▶ [What is being asked]:
The required output is a number: how many lines of the data below include the string "world".

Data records
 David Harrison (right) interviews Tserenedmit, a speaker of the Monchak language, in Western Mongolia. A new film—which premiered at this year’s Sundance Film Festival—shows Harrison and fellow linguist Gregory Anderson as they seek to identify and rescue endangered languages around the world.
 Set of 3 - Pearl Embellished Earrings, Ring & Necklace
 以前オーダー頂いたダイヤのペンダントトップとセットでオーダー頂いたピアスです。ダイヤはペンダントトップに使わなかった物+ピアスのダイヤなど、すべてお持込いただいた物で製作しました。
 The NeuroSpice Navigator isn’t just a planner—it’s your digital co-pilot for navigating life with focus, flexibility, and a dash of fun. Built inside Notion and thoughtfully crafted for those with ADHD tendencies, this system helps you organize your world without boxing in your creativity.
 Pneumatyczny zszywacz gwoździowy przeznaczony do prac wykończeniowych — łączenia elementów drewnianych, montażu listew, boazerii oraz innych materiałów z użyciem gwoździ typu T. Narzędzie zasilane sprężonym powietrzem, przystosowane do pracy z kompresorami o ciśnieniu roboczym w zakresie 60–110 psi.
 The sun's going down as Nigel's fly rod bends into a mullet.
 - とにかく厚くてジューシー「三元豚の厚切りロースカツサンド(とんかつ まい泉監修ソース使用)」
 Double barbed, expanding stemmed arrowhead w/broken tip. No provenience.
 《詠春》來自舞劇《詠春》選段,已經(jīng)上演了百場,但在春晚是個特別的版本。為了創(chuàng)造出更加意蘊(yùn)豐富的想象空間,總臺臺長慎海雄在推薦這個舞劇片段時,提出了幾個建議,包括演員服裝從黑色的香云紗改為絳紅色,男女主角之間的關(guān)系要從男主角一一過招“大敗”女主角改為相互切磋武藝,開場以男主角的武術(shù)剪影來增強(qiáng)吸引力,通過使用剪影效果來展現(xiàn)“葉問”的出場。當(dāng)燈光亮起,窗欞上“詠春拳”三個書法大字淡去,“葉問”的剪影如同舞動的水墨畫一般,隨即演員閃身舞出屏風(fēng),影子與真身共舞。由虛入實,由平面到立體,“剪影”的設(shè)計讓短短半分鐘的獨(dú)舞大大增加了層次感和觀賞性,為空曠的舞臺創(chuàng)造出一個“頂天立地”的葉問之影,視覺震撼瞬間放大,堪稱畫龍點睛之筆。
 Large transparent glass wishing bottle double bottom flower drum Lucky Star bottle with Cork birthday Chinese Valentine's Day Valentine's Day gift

▶ [Completed exercise]:
2